"Ah, be damned to her!" he snapped viciously. "The whole thing can go to the de'il. It's a dog's life, that's what it is, and I 'm through. Ay, I am so."
For a year he wandered across Europe, and to and fro in it. He saw Denmark and Jutland, and though he had sworn good-by to linen, he could not help examining the quality of the flax grown there, and he did n't think much of it—as no good Belfast man should. He visited Holland and approved the industrious population, but adjudged them "o'er pleased wi' themsel's." Paris he knew before, but it palled on him now. One of his old dreams had been to go there with Jeanie Lindsay. "It's kind o' empty," he thought. England rather irritated him. People there, knowing he came from Ireland, wished to know what he thought of Home Rule and were shocked when they heard it. He went north to Scotland for golf, and the flat Scot accent made him homesick for Belfast.

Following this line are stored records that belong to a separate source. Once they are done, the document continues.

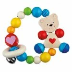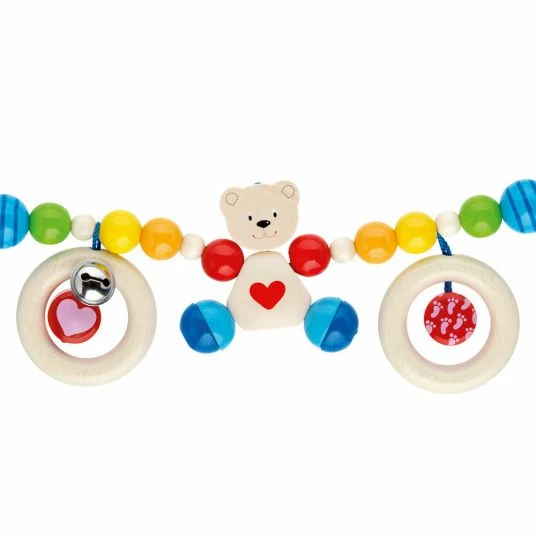 With the Kinderwagenkette HerzbΓ€r from Heimess your baby will never be bored on a ride. The colourful necklace with its different shapes, colours and sizes is a perfect place to grab and discover. A little lucky girl will ring the doorbell for you and speak to your child’s sense of smell. The colorful wooden elements have different structures and shapes that your child wants to experience and explore. The two large untreated wooden rings are easy to grip and turn. The pram chain is simply attached to the pram or the top of the infant carrier with the two clips.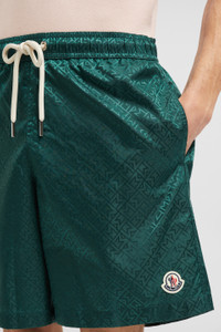 Ready for your next getaway, this pair of swim shorts is characterized by a graphic monogram pattern. A playful take on brand DNA, this pair of swim shorts reimagines the monogram as a geometric jacquard pattern. Fit for relaxing by the pool or on the beach, the bottoms are presented in recycled nylon with a satin-like finish. DETAILS - Crafted from recycled satin nylon jacquard - Mesh lining - Waistband with drawstring fastening SIZE AND FIT - The model is wearing a size L and is 187 cm tall - The model measures: chest 85 cm, waist 75 cm, hips 85 cm COMPOSITION BASE FABRIC: 100% Polyamide / Nylon; LINING: 100% Polyamide / Nylon Product code K10912C000025987HF88 Made in Moldova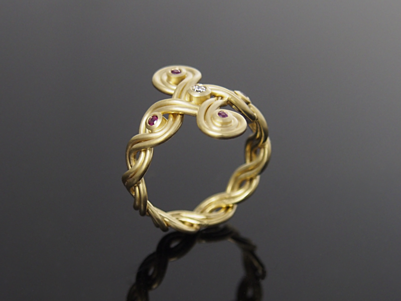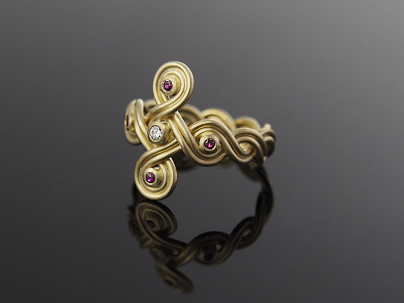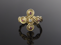 Ein handgearbeiteter Ring aus 750/- Gelbgold mit 4 Rubinen und 1 Brillant 0,03ct TW/VS.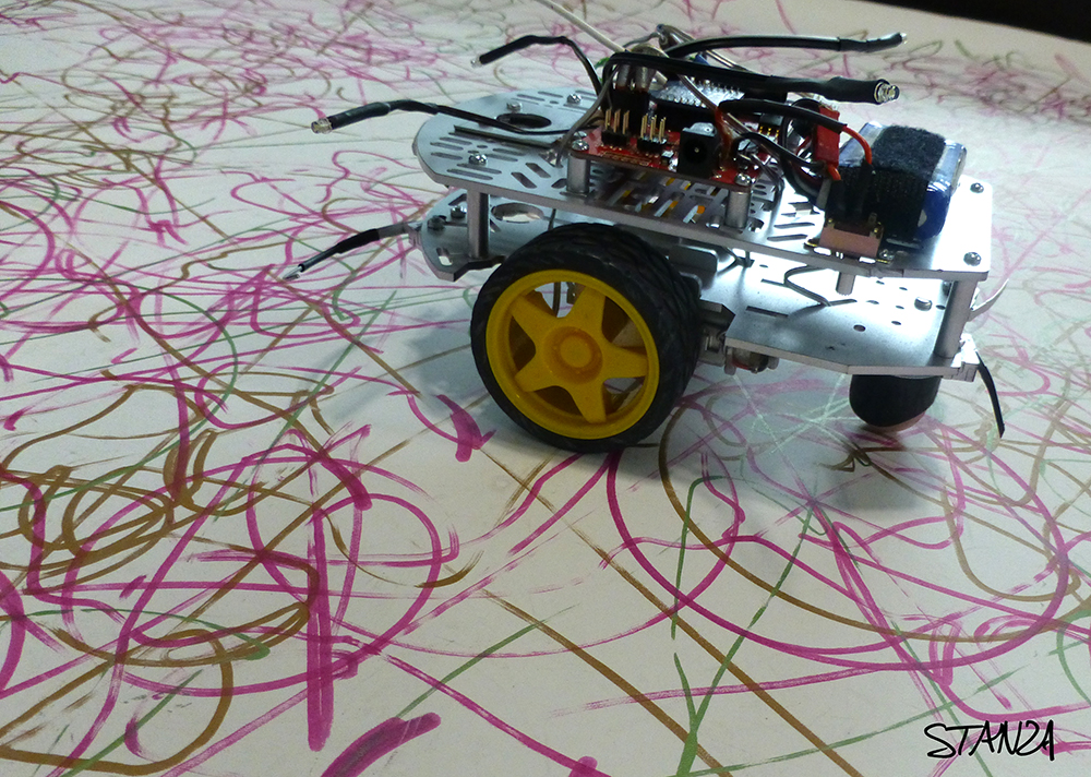 How it works. The Robot is controlled over an 868 Mhz serial data wireless link, from a custom app. written using Xojo. The app. hooks into the OSX speech recognition system to extract words as the user is reading the text. The words are analysed for alphabetical order and length, and these values are used as indexes into a command table. The command table stores the data that describes a robot movement, or set of movements. These are sent in real-time to the robot and it moves and draws patterns. If the robot encounters a wall it moves away a random amount, and then carries on executing the commands.
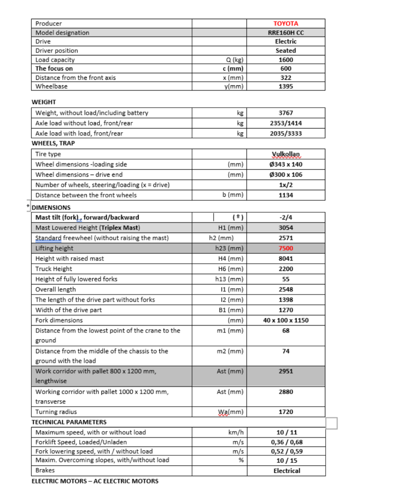 Toyota – Electric forklift – SPE160

"I think I 'll just run over to see how the old town 's getting on." The truth was, though he would n't acknowledge it to himself, he wanted to get news of Jeanie Lindsay. How was she? And was she the same as ever? And was she—the thought stabbed him strangely—laughing her slow laugh and looking her calm look for some other than he?
News he got of her quickly and with a vengeance. Going across Donegal Place he was tapped on the arm.
"I 'd like a wee word wi' you, Mr. Aleck Robertson."
He saw beside him a compact figure with a set jaw and savage eyes. He was mostly cognizant of the eyes. They blazed at him with unconcealed hatred.
"And who may you be?"
"You 'll know me fine afore I 'm through with you, Aleck Robertson. I 'm Tom Lindsay, Jeanie Lindsay's brother."
Robertson forgot the eyes in the question that jumped to his lips. He held out his hand.
"I ha'e heard her speak o' you. You 're the one that went to Newcastle, to the shipbuilding. And how 's Jean?"